A StorageClass provides a way for administrators to describe the "classes" of
storage they offer. Different classes might map to quality-of-service levels,
or to backup policies, or to arbitrary policies determined by the cluster

Kubernetes itself is unopinionated about what classes represent.
This concept is sometimes called "profiles" in other storage systems

Inside the StorageClass object, you will define:

(1) The properties of the PV, including storage type, volume size

(2) Which plugin the PV should use

After providing the above information, Kubernetes can use the PVC to find the corresponding StorageClass, and then Kubernetes directly invokes the plugin defined in the StorageClass to create the corresponding PV resource.

2. Why do we need it?

I don’t want manual PV creation errors to prevent my PVC from binding to a PV and potentially causing application failures.

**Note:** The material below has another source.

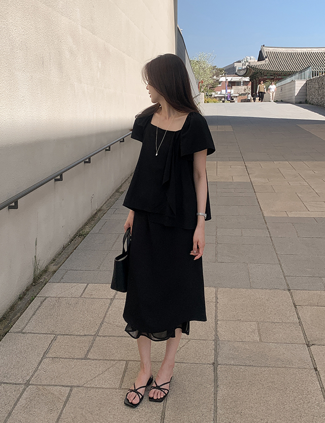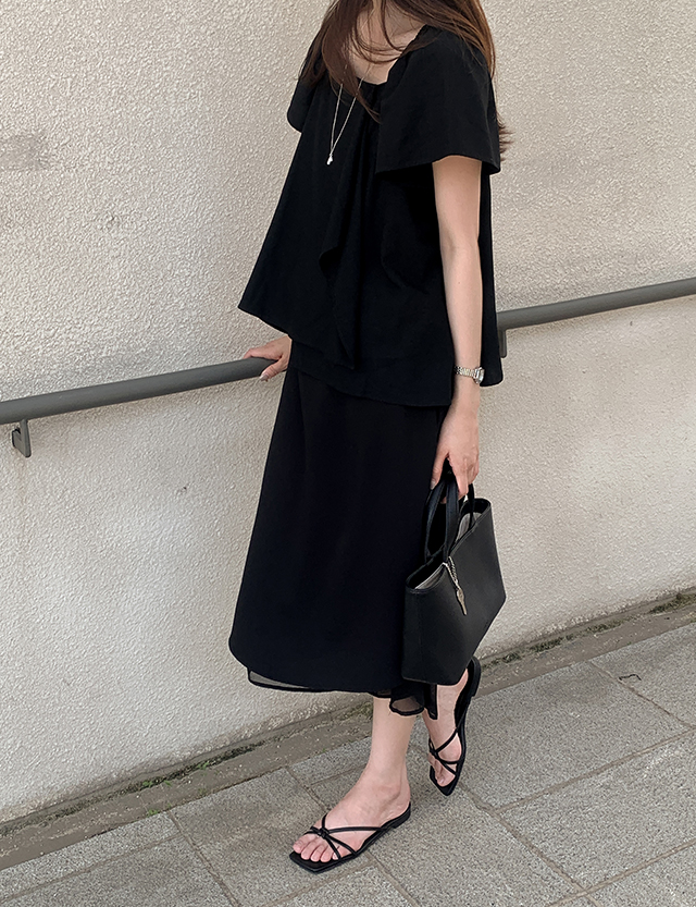 오브딘 뒷밴딩 シーポン レイヤード ロング スカート 87730

I prefer to define my PVC properly and let Kubernetes manage my PV resources automatically.

In a large-scale cluster, not using StorageClass would mean having to create 1000 PVs manually for 1000 PVCs, making storage management a difficult task to keep track of.

We categorize storage needs based on different characteristics

3. Workflow


We can further simplified for NFS provisioner as shown below:

After setting up the NFS provisioner, when PVCs are requested, they will automatically link to the StorageClass and create PV resources using the NFS protocol to provide storage.

4. Deploy your first NFS StorageClass

(1) Create nfs server

# cat >> /etc/fstab << EOF
/dev/vg00/nfs /var/nfsshare xfs defaults 0 0
// nfs-server install

# yum install -y nfs-utils policycoreutils-python-utils policycoreutils-python
# mkdir /var/nfsshare
# chmod 777 /var/nfsshare
# cat > /etc/exports << EOF
/var/nfsshare *(rw,sync,no_wdelay,no_root_squash,insecure)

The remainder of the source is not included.